*** Data segment ***
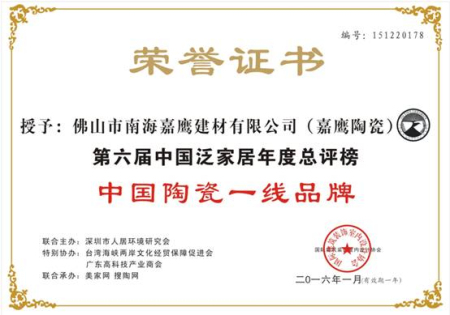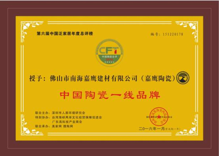 2016年對于嘉鷹陶瓷來說是注定不平凡的一年。在2016年的開端,嘉鷹陶瓷就打響新年第一炮,一舉獲得了“中國陶瓷一線品牌”稱號。
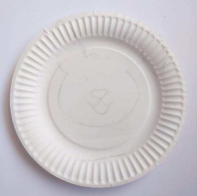 第一步,公眾號下載我們的模板圖片,按照兔子的形狀畫畫,用您的小手手畫一只兔子頭的輪廓在盤子上。或者把模板圖片保存并調整,打印出來,粘在盤子上邊。
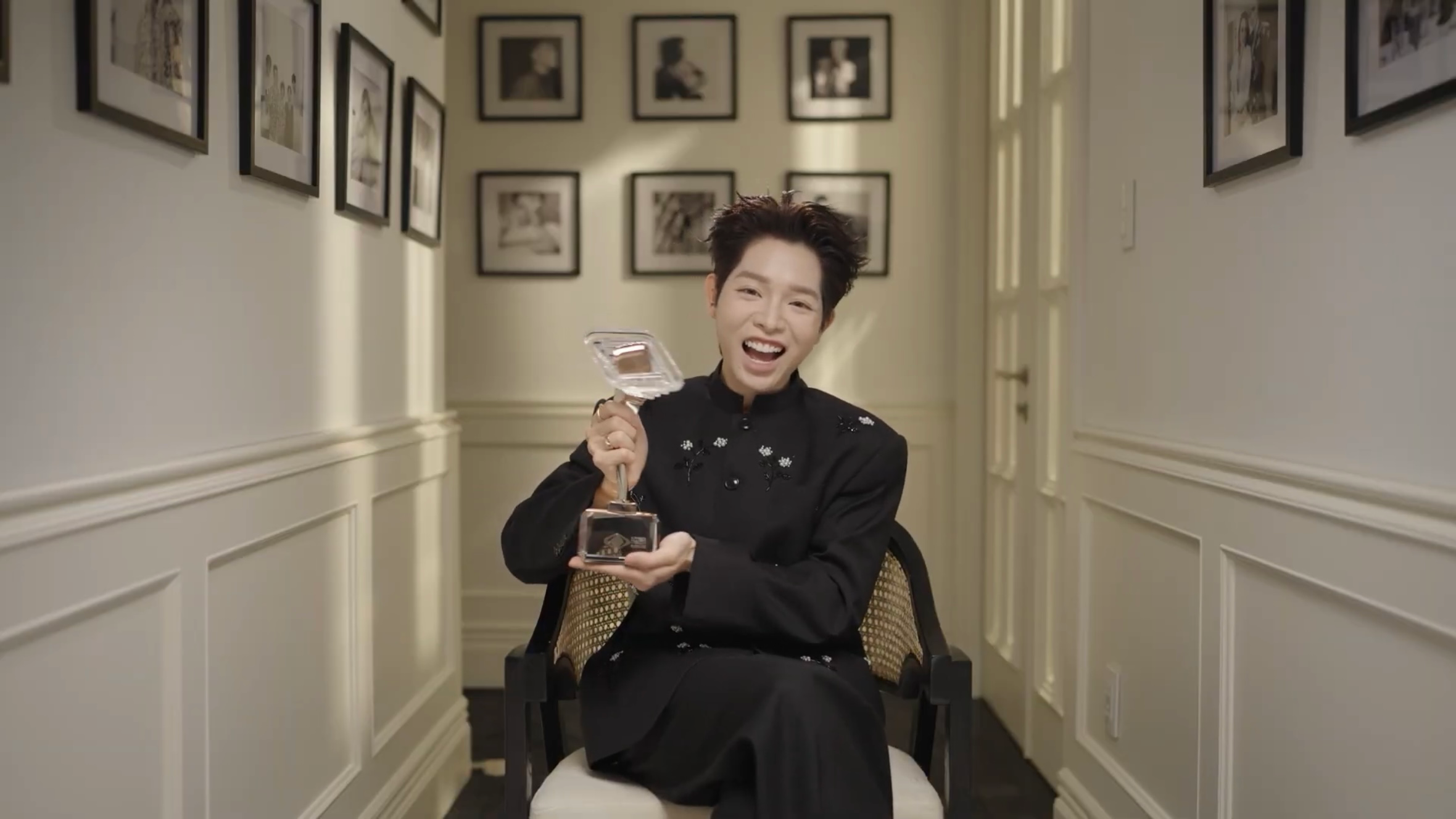 Duc Phuc with the championship trophy as he recounts his journey to conquer Intervision in the film.
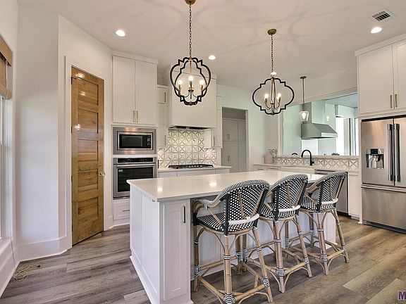 - Features: Cabinets Custom Built, Counters Solid Surface, Kitchen Island, Pantry
*** End of Data segment ***
Print each line of the material above exactly, with the pictures removed from your copy.

 2016年對于嘉鷹陶瓷來說是注定不平凡的一年。在2016年的開端,嘉鷹陶瓷就打響新年第一炮,一舉獲得了“中國陶瓷一線品牌”稱號。
 第一步,公眾號下載我們的模板圖片,按照兔子的形狀畫畫,用您的小手手畫一只兔子頭的輪廓在盤子上。或者把模板圖片保存并調整,打印出來,粘在盤子上邊。
 Duc Phuc with the championship trophy as he recounts his journey to conquer Intervision in the film.
 - Features: Cabinets Custom Built, Counters Solid Surface, Kitchen Island, Pantry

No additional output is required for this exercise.